1. Hudi integrates Flink Metrics

By reporting metrics at key nodes, you can clearly understand the operation of the entire task:

2. Verify data in the system

3. Verify data outside the system

Iv. Practice of data entering into lake

1. CDC data into the lake

1.1 TiDB into the lake

Because all kinds of open source schemes can not directly support TiDB data export, the direct use of Select will affect the stability of the data library, so the full + increment mode is broken down:

  1. Start ti-CDC and write TIDB CDC data into the corresponding Kafka topic;
  2. Modify part of the source code by using the Dumpling component provided by TiDB to directly write HDFS.
  3. Start Flink to write full data to Hudi by Bulk Insert.
  4. CDC data for consumption increments is written to Hudi by way of Flink MOR.
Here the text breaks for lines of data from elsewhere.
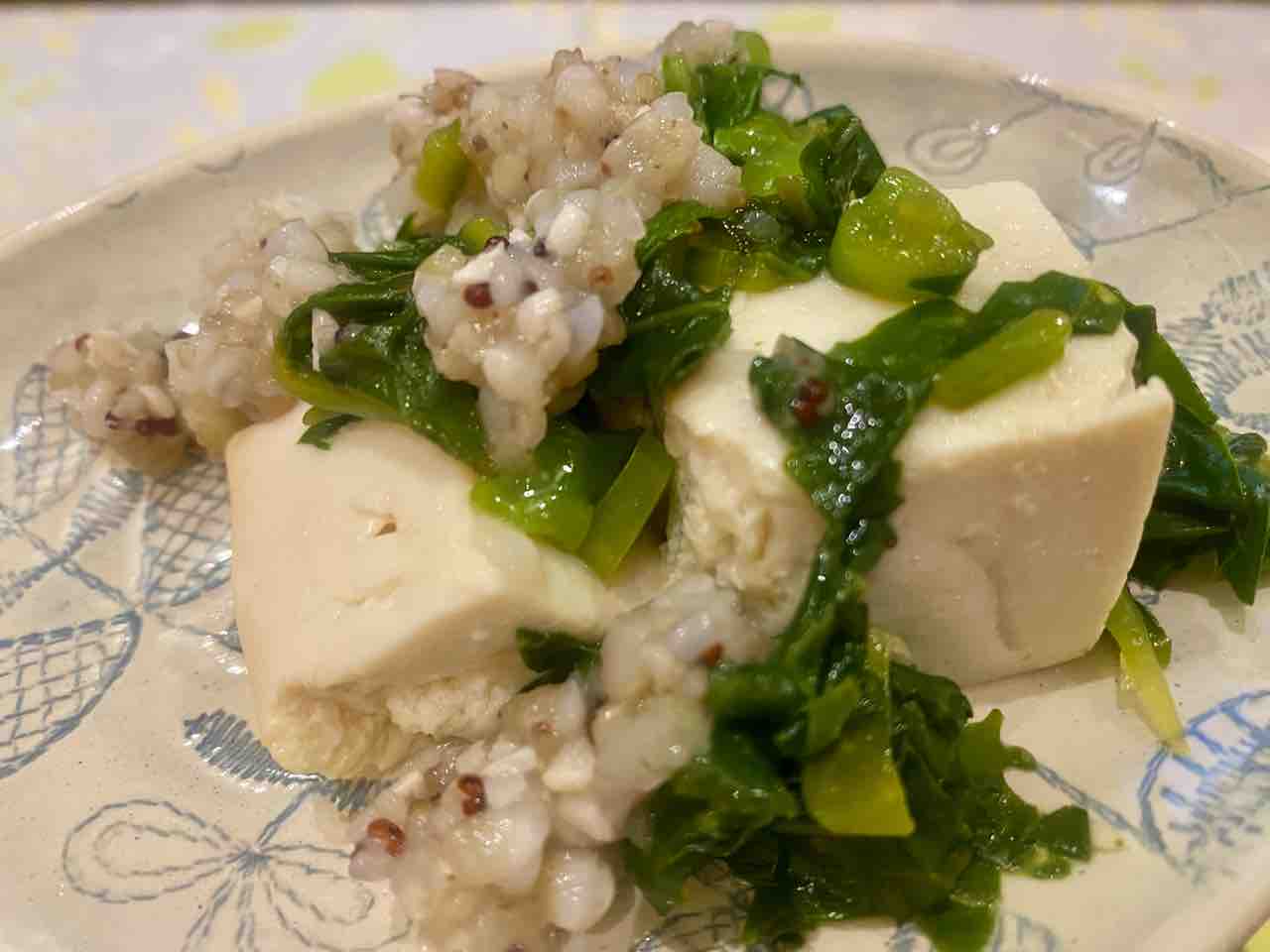 つるむらさきのお豆腐・インド雑穀がけ~♪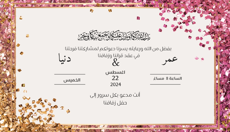 تصميم دعوة زفاف عقد قران او اي مناسبة الكترونية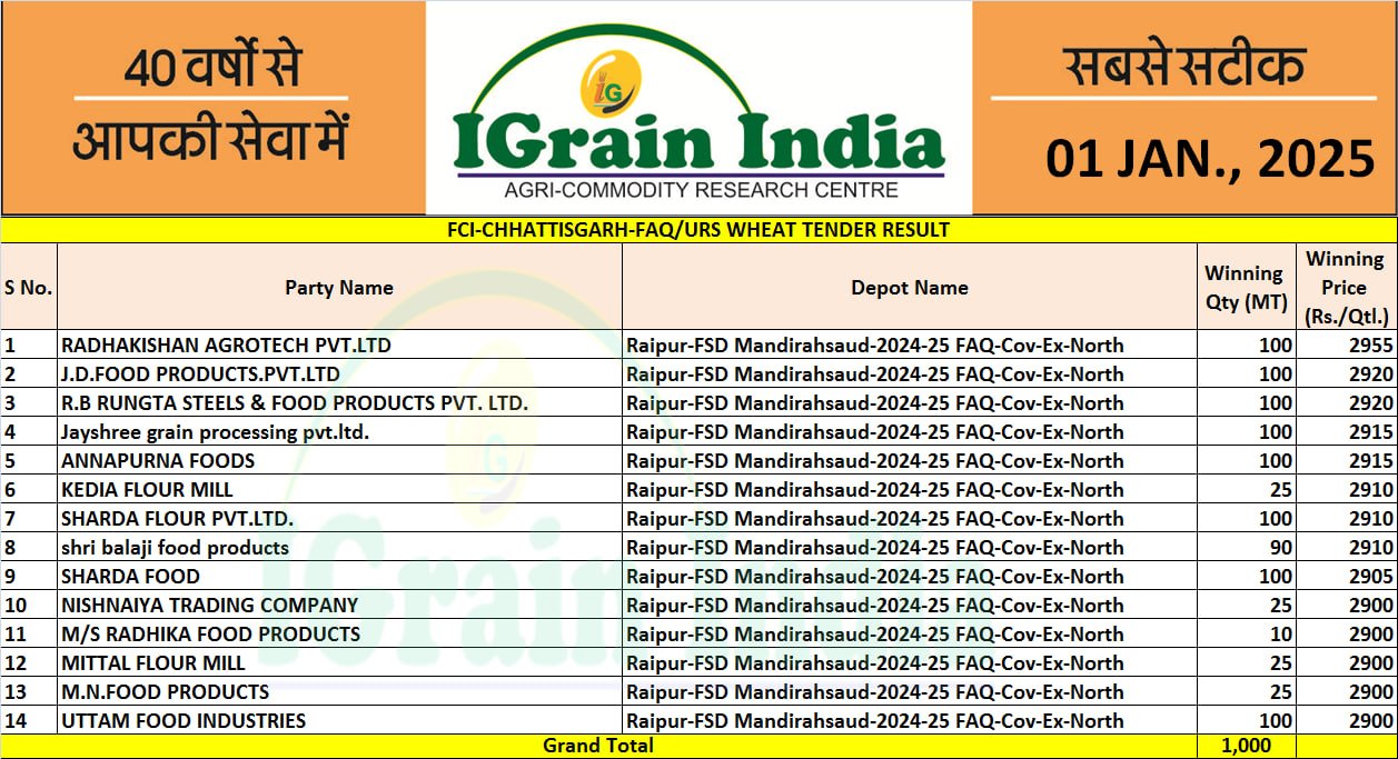 CHHATTISGARH FCI WHEAT TENDER RESULT 01-01-2025

1.2 MySQL Into the lake Scheme

MySQL’s solution to the lake is to directly use the open source Flink-CDC to write full and incremental data to Kafka topic via a Flink task:

  1. Start the Flink-CDC task and import the full data and CDC data into Kafka Topic.
  2. The Flink Batch task was started to read full data and write Hudi data using Bulk Insert.
  3. Switch to the Flink Streaming task to write incremental CDC data to Hudi via MOR.
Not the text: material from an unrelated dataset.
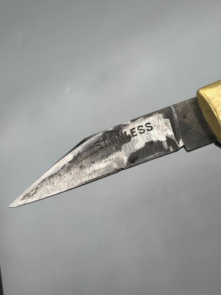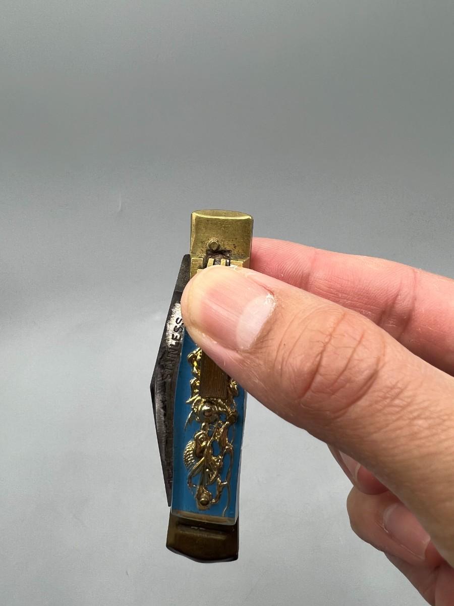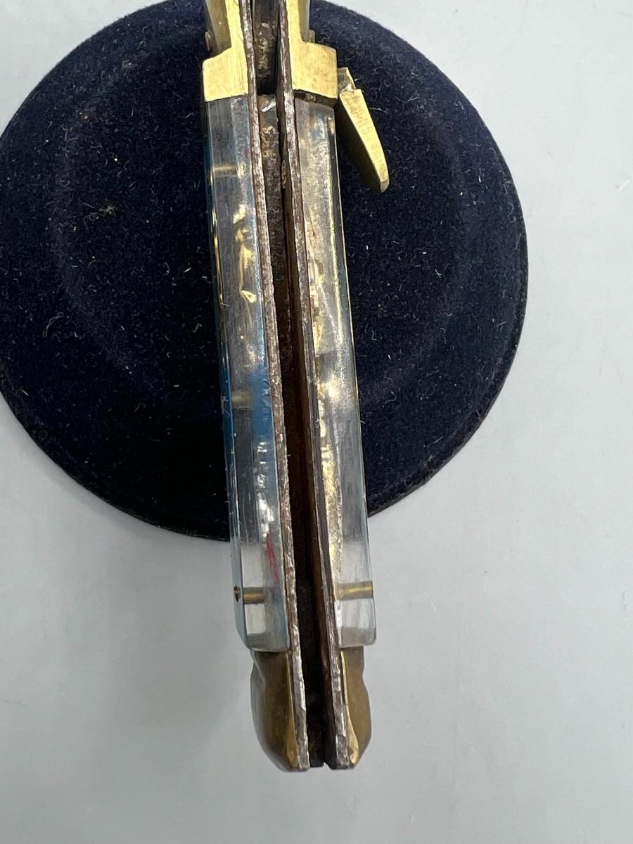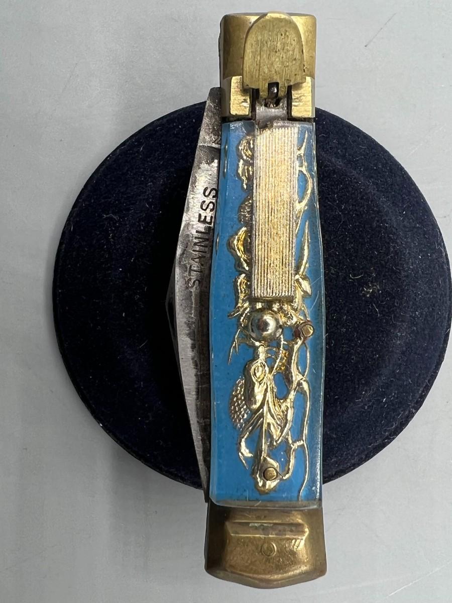 There is noticeable vintage wear to the knife, but there is no significant damage and is in overall good collectible condition. The blade flips out when the button is pressed and works perfectly. Check pictures for more details and for sizing.

2. Log data is incremented to the lake

  • Implement HDFSStreamingSource and ReaderOperator, incremental synchronization of ODS data files, and by writing ODS partition index information, reduce the list requests to HDFS;
  • Supports transform SQL configuration, allowing users to customize logic transformation, including but not limited to dimension table JOIN, user-defined UDF, and streaming by field.
  • Implement Flink on Hudi Append mode, greatly improve the data write rate without merging.
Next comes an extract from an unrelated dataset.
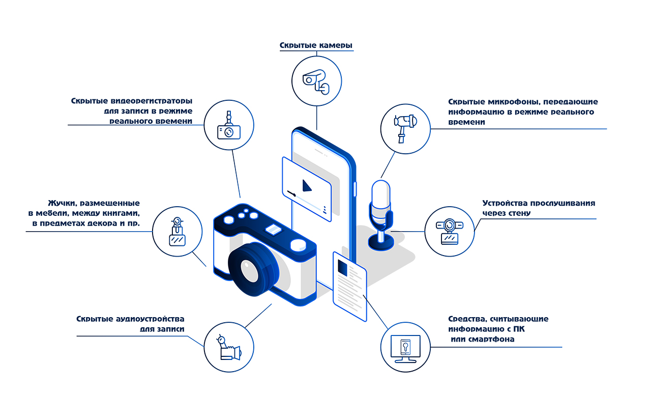 В первую очередь мы обследуем кабинеты руководителя, переговорную, отдел бухгалтерии. Именно здесь обсуждаются наиболее важные коммерческие данные: ноу-хау, стратегии развития компании, данные о финансовом состоянии, клиентская база или сведения о самих клиентах. Если по итогам проверки обнаружатся жучки, диктофоны, иная прослушивающая аппаратура, наши специалисты примут эффективные меры по её обезвреживанию. В случае отрицательного результата – Вы обретёте уверенность и спокойствие.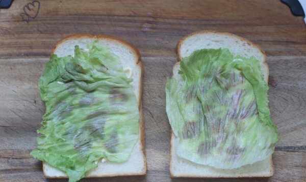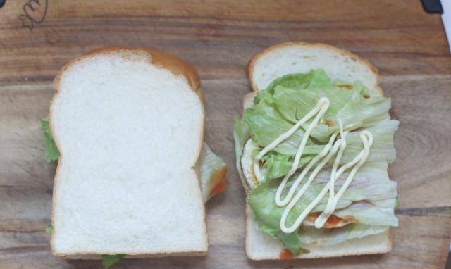 5.鋪上沙拉醬,淋上沙拉醬,最後淋上面包片,讓面包片兩面貼合!

V. Incremental revenue of data lake platform

  • The time efficiency of data synchronization is greatly improved by Flink incremental synchronization, and the partition ready time is advanced from 2:00~5:00 to 00:30 minutes.
  • The storage engine uses Hudi to provide multiple query methods based on COW and MOR, so that users can select appropriate query methods based on their own application scenarios instead of waiting for partitioning archiving.
  • An automatic HUDi-based Compaction allows users to query Hive as if it were a snapshot of MySQL instead of a T+1 Binlog merge.
  • This saves resources. You only need to execute the stream tasks that need to be queried repeatedly once, saving about 18000 cores.

6. Community contribution

The above optimization has been incorporated into Hudi community, and STATION B will further strengthen Hudi construction and grow together with the community in the future.

Partial core PR

Issues.apache.org/jira/projec…

Issues.apache.org/jira/projec…

Issues.apache.org/jira/projec…

Issues.apache.org/jira/projec…

Issues.apache.org/jira/projec…

Issues.apache.org/jira/projec…

Issues.apache.org/jira/projec…

Vii. Future development and thinking

  • The platform supports streaming and batch integration, unified real-time and offline logic;
  • Promote the quantification of data warehouse increase, and achieve the whole process of Hudi ODS -> Flink -> Hudi DW -> Flink -> Hudi ADS;
  • The Clustering of Hudi is supported on Flink, which reflects Hudi’s advantages in data organization and explores the performance of z-Order and other accelerated multidimensional queries.
  • Inline clustering is supported.

The original link

This article is the original content of Aliyun and shall not be reproduced without permission.